The controversy over the size of the White House Hanukkah party story made the Drudge Report today, and the New York Times thought it merited coverage in the front section on Friday. But the Times story also tried to downplay the difference in size between the last Bush party, and the Obama’s initial plan for this year’s party. The implication from this is that the charge that the Obama team was cutting the party in half is inaccurate, and therefore so is the notion of any larger message to be derived from this.
Salon jumped on this apparent discrepancy, writing that “the Times found little evidence that the Bush Hanukkah parties were as well-attended as Troy recalls.” I took the cut-in-half figure in my JTA piece not from memory but from the original Jerusalem Post story: “White House Hanukka Party Guest List to be Cut in Half.” This story was written by Hilary Krieger, who is a good reporter and had solid, if off-the-record, sources.

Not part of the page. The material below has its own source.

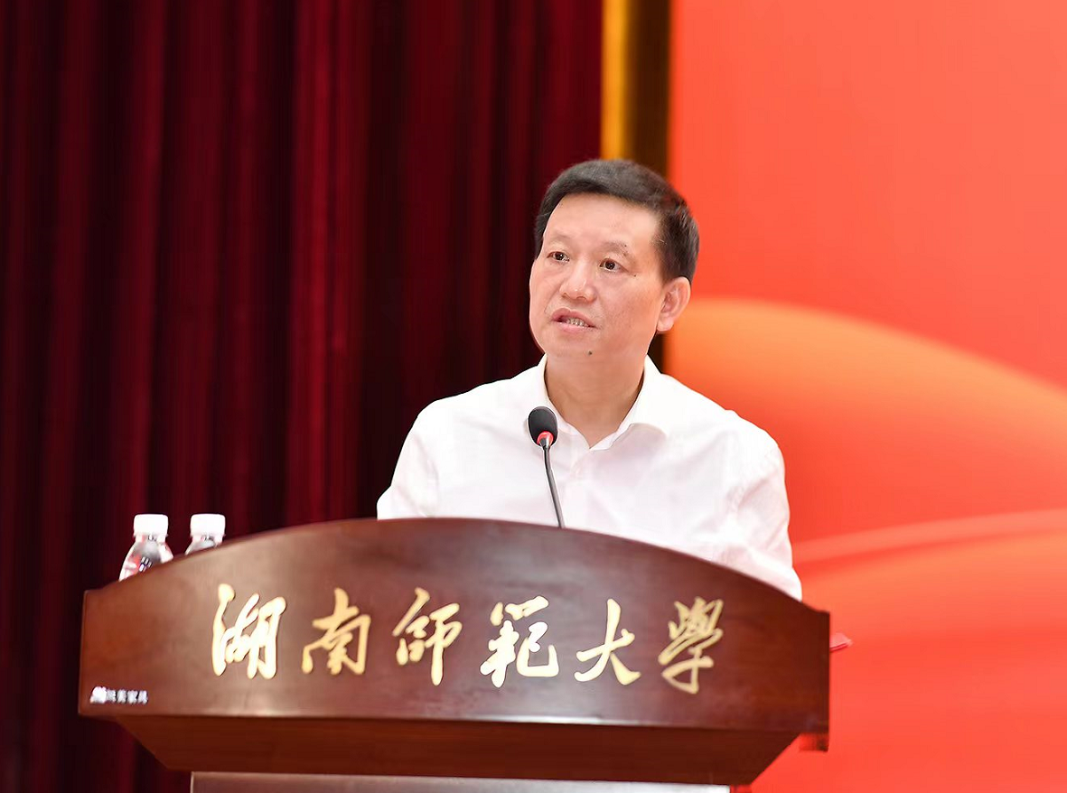 蒋洪新为毕业生党员主讲了《不忘初心,以青春之名继续奋斗》主题党课。他同毕业生党员一起深情回忆了遇见师大的奇妙缘分和美好时光,用三个“准确把握”寄语大家,希望毕业生党员同学准确把握时代大势,做心怀家国的“明白人”;准确把握前进航向,做脚踏实地的“实干家”;准确把握职责使命,做理想坚定的“奋斗者”。他勉励同学们,要在增强忧患意识、树立战略自信、把握历史主动的基础上,服务国家战略需求,做“大”选择;善于发挥自身特长,做“对”选择;主动扎根基层一线,做“实”选择。蒋洪新说,理想再美好,也离不开艰苦奋斗,他要求大家在奋斗的过程中要永葆理想信念、永葆谦虚谨慎、永葆拼搏本色。在讲课中,他结合党史学习教育,引用了大量党史、校史上先进人物善察大势、勇树理想、不懈奋斗的生动事例,内容丰富、深入浅出、金句不断,为广大毕业生党员上了一堂突显初心使命的党课、视野开阔的形势政策课、内涵深刻的思政课,对毕业生党员坚定理想信念、坚持砥砺奋斗,在未来的人生路上不断行稳致远有着极强的指导意义。

My piece made two points. First, based on my experience, the White House would face a lot of clamoring to get in, especially given that there are three times as many Jewish Democrats as Republicans. Second, given that the Obama administration has had some policy disagreements with the Jewish community, a decision to cut the party in half could be seen in the context of those disagreements.

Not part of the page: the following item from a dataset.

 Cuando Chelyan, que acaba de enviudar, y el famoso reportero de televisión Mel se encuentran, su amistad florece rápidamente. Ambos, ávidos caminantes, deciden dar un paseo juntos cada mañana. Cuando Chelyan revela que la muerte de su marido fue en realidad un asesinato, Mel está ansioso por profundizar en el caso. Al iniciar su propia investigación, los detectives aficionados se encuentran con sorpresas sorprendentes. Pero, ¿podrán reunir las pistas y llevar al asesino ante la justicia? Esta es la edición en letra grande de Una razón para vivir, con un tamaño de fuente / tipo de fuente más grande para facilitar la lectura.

The Obama administration has now increased the size of the party, but that doesn’t mean that they didn’t at some point intend to shrink the party. Krieger makes this point in a new Jerusalem Post article defending her initial story. According to Krieger, “Local Jewish leaders told the Post, though, that Obama White House officials had previously told them the numbers were being reduced from last year, citing reasons including the economic situation and high cost involved with providing kosher food.”
It seems to me that the White House has taken my message to heart and increased the number of invitees in order to alleviate the clamoring to get in and to diminish the criticism on what is a symbolic and not a substantive issue. Credit to them for changing their tune, but that does not change the accuracy of the initial analysis. As this story comes to an end with the party on Wednesday, the folks who should be happiest are the new invitees. They are beneficiaries of a modern Hanukkah miracle — 150 more invitations to the White House.